**INPUT FOR THIS TASK:**
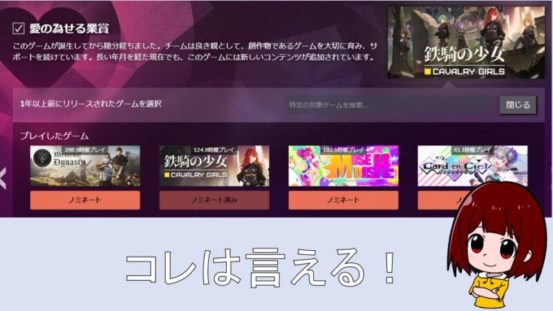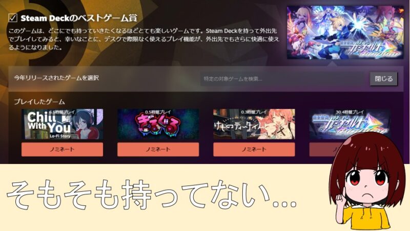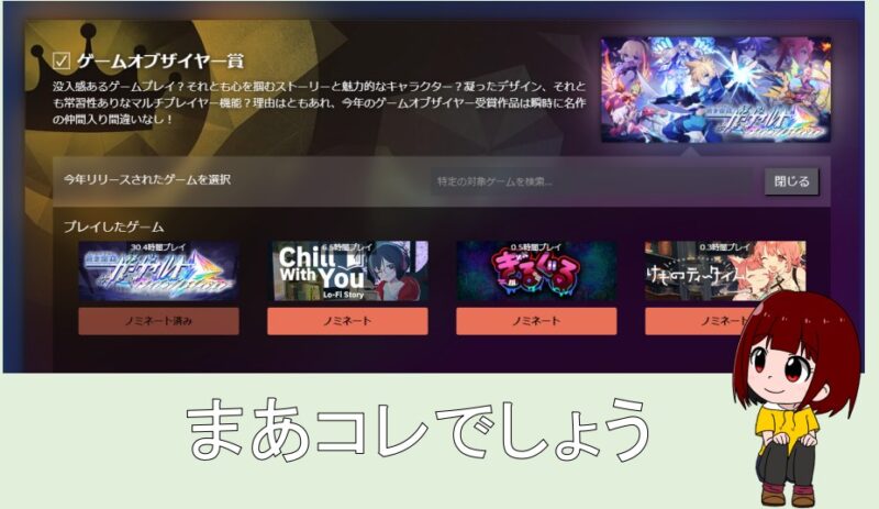 未プレイ&未購入作品選ぶより、自分でコレだ!と決めて購入した作品をノミネートしたいですよね?
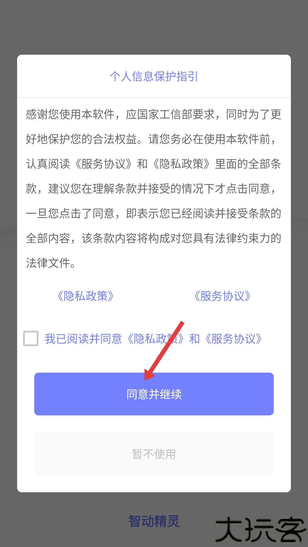 1、打开进入智动精灵软件里,需在用户协议和隐私政策界面点击同意。
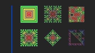The document discusses cellular automata (CA), which consist of a grid of cells in various states influenced by their neighbors and defined rules. It highlights how simple underlying rules can lead to complex emergent behaviors, illustrated by examples such as students' hat-wearing decisions. Additionally, it critiques the limited application of CA models in urban planning due to the absence of demographic and economic forecasting mechanisms.
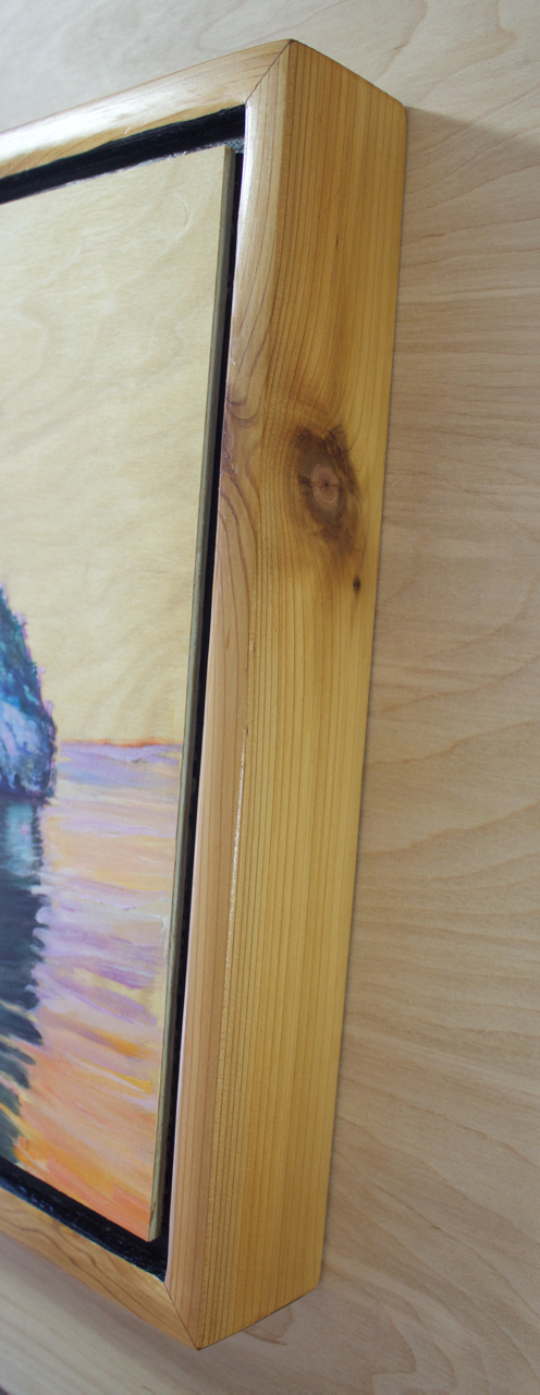A colorful depiction of a thick, hollow, Australian wave inspired by a photo from Ryan Pernofsky. Cedar frame handcrafted by the artist.
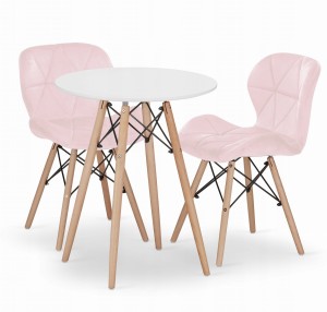 Zestaw stół okrągły TODI 60cm biały + 2 krzesła LAGO różowe
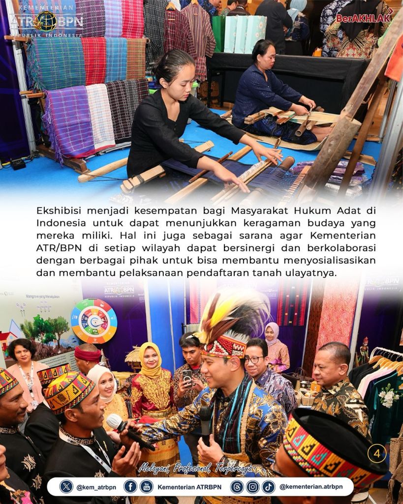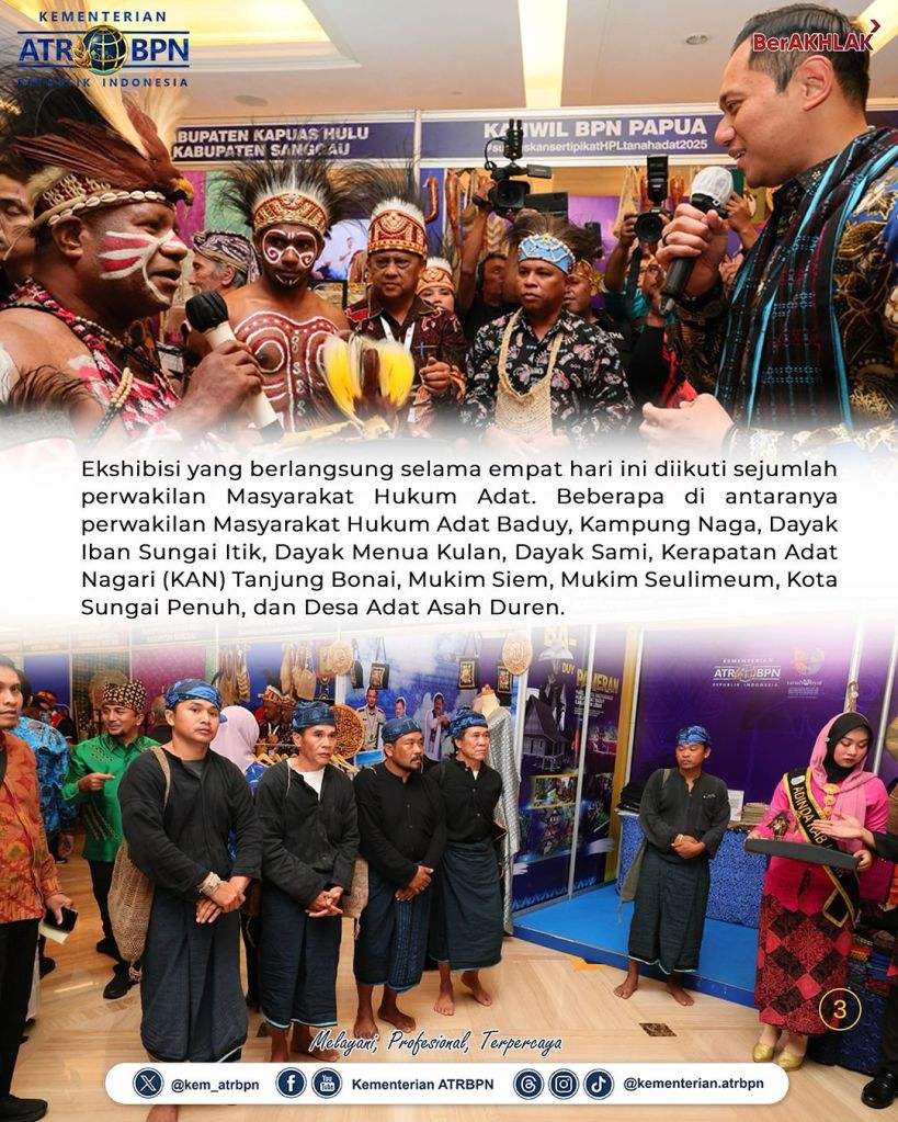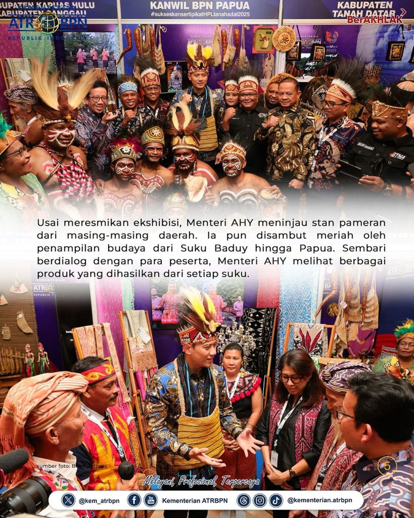 “Kita sama-sama melihat ekshibisi atau pameran dari stakeholders untuk menyatukan visi dan semangat kita menyukseskan program registrasi tanah ulayat yang ada di Indonesia dan juga di ASEAN countries,” kata Menteri AHY dalam sambutannya.
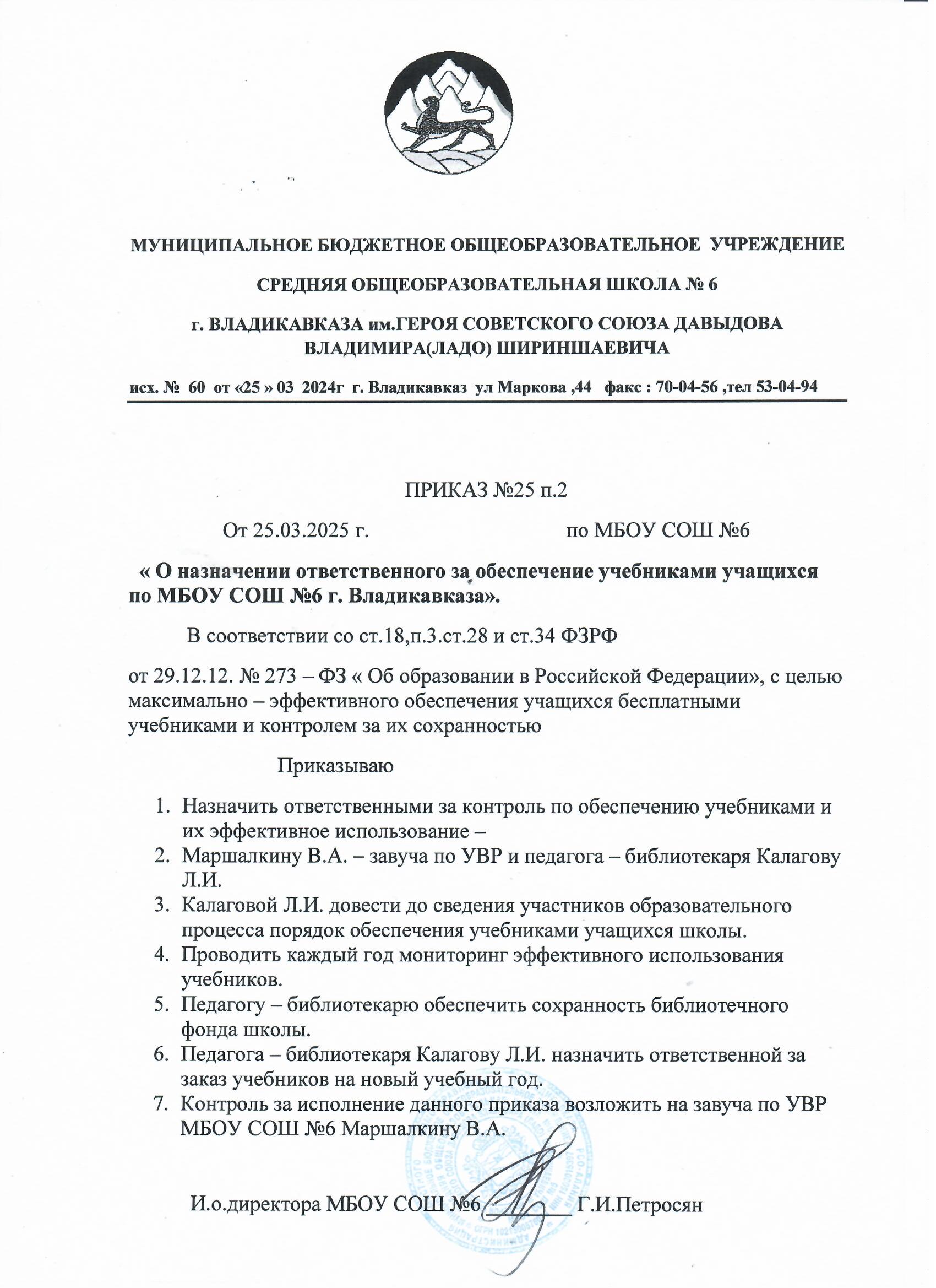 Приказ №3 от 15.05.2024 О назначении ответственного за обеспечение учебниками учащихся по МБОУ СОШ №6

**ASSIGNMENT:** Copy the entries above faithfully and omit every image.

**RESPONSE TO THIS TASK:**
 未プレイ&未購入作品選ぶより、自分でコレだ!と決めて購入した作品をノミネートしたいですよね?
 1、打开进入智动精灵软件里,需在用户协议和隐私政策界面点击同意。
The document discusses cellular automata (CA), which consist of a grid of cells in various states influenced by their neighbors and defined rules. It highlights how simple underlying rules can lead to complex emergent behaviors, illustrated by examples such as students' hat-wearing decisions. Additionally, it critiques the limited application of CA models in urban planning due to the absence of demographic and economic forecasting mechanisms.
A colorful depiction of a thick, hollow, Australian wave inspired by a photo from Ryan Pernofsky. Cedar frame handcrafted by the artist.
 Zestaw stół okrągły TODI 60cm biały + 2 krzesła LAGO różowe
 “Kita sama-sama melihat ekshibisi atau pameran dari stakeholders untuk menyatukan visi dan semangat kita menyukseskan program registrasi tanah ulayat yang ada di Indonesia dan juga di ASEAN countries,” kata Menteri AHY dalam sambutannya.
 Приказ №3 от 15.05.2024 О назначении ответственного за обеспечение учебниками учащихся по МБОУ СОШ №6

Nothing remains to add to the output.